For two days I’ve been lost, everything wrong and unfamiliar.
This is my home. It hurts so much, but it’s the only thing I’ve ever known.
If I told him how I’m fighting back tears over the death of a man who never loved me, he’d understand because he feels the same way.
When I stay silent, my uncle sighs. “You already know he’s gone, don’t you?” He sounds exhausted, like he’s been up all night.
Some kind of pitiful defiance stops me from speaking, like if I don’t say anything he won’t know I’m here. I squeeze the phone, my breathing unsteady.
“He asked for you,” Archie says softly, with none of the anger I expect. “His last words. Where’s Andrew? Bring me Andrew. I think he wanted to give you his blessing.”
It’s probably not even true. I don’t know. It doesn’t matter. I sniff and wipe my eyes roughly, still shivering. Some part of my brain registers a distant bang, but I don’t look up.
“Come home, Andrew. We need to be a family right now. Whatever you’ve done, it’s okay.
I promise we’ll figure it out.” Back when he broke my jaw when I was fifteen, I couldn’t talk or ride Sid or do anything for weeks.
I lay around my room, wretchedly depressed.
One day Archie came in with some new game console and a couple of controllers.
He sat on my bed with me, let me pick a game, and played it with me the whole afternoon.

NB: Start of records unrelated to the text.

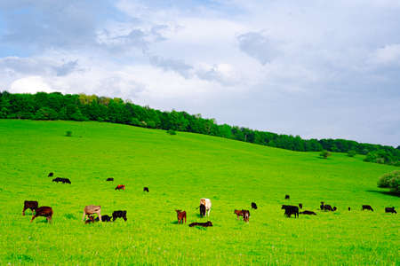 Herd of cows grazing in the middle of the field in summer.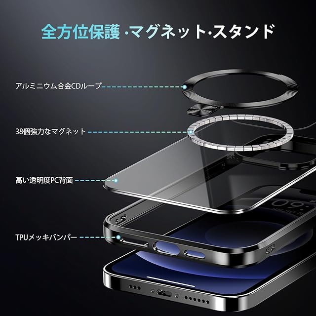 【CDパターン磁石リング・NEO永久磁石技術】 CD レコードの質感からインスピレーションを得たこのデザインはアルミニウム合金製で、iPhone 12ケースのMagsafe リングと統合されています。CDパターンの質感の金属光沢とシェルの電気メッキフレームは非常に高級感があり、あなたのiPhone 12をユニークにします。このアイフォン 12ケースの隠しスタンド内部に「NEO永久磁石技術」配列永久磁石を使用し、iPhoneと同じタイプの輸入高コスト磁石コア、iPhone 12磁石充電により適しています。磁力は通常ケースの8倍以上!通常の磁石に比べ4~5倍のエネルギー変換があり、充電効率が大幅に向上します。このアイホン12ケースは全てのMagSafe対応アクセサリーに対応しているので、快適なスマホライフを共に過ごしましょう!
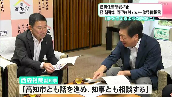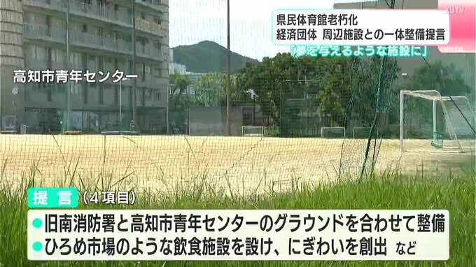 老朽化している県立県民体育館について高知県内の経済団体が周辺施設も含めた一体整備を県に提言しました。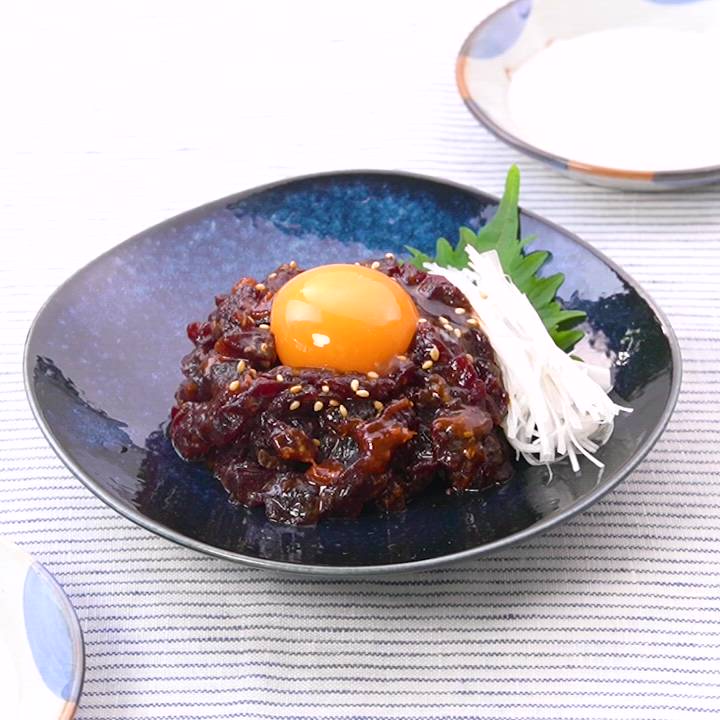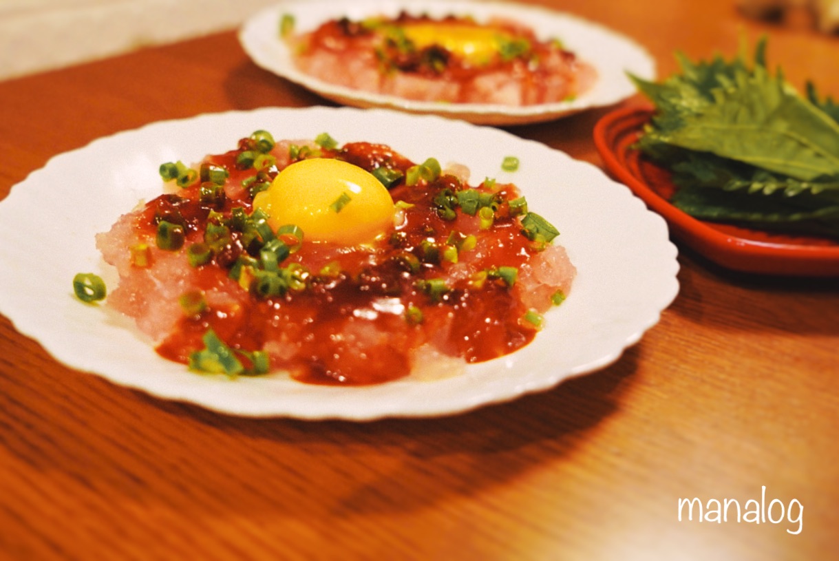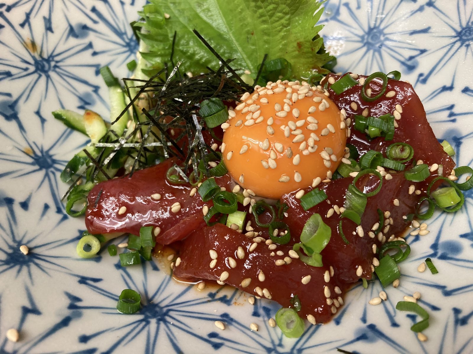 あと引くタレのうまさ!マグロユッケ 副菜。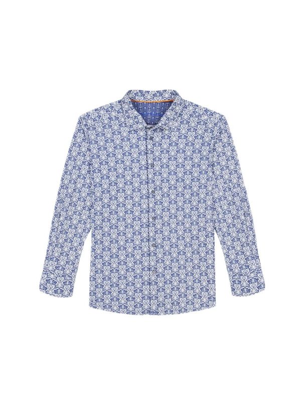 - Contrast print at collar and cuff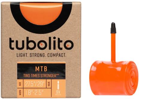 Tubolito MTB 27,5/29 x 1,8-2,5 (47/62-584/622) MTB belső gumi, FV42 (42 mm hosszú presta szeleppel), 83g, narancssárgaHasználható 27,5 és 29 colos kerekekhez is. Speciális, extra könnyű és erős TPU (thermoplast) anyagú belső. 27,5/29 colos méretben kerekenként akár 100g súly is megspórolható a hagyományos belső gumikkal szemben, és az a forgó tömeg csökkenése miatt igen j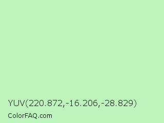 YUV 220.872,-16.206,-28.829 Color is a very light green color and the nearest color is Madang #b7f0be. Hex code #bcf4bc and RGB value is rgb(188,244,188). In RGB color space, this color is composed of 74% red, 96% green, 74% blue, In CMYK color space, this color is composed of 23% cyan, 0% magenta, 23% yellow , 4% black , In HSL color space, this color has a hue angle of 120° , 72% saturation and 85% lightness.

The man never told me he was sorry, but at the time I let myself imagine maybe that’s what he was thinking.
It’s the only moment I can remember where he spoke this gently to me.
Feet slap the tile, and I look up to see Jude running toward me in his boxers and hoodie.
Archie’s voice reaches down my throat, finds the words, tries to coax them out of me. “Where are you? I’ll send a helicopter to take you to the airport. You don’t have to do anything else.”
I stare up at Jude as he stops in front of me, panting, and holds out his hand. His eyes look very dark. “Give me the phone,” he whispers. It’s not a request.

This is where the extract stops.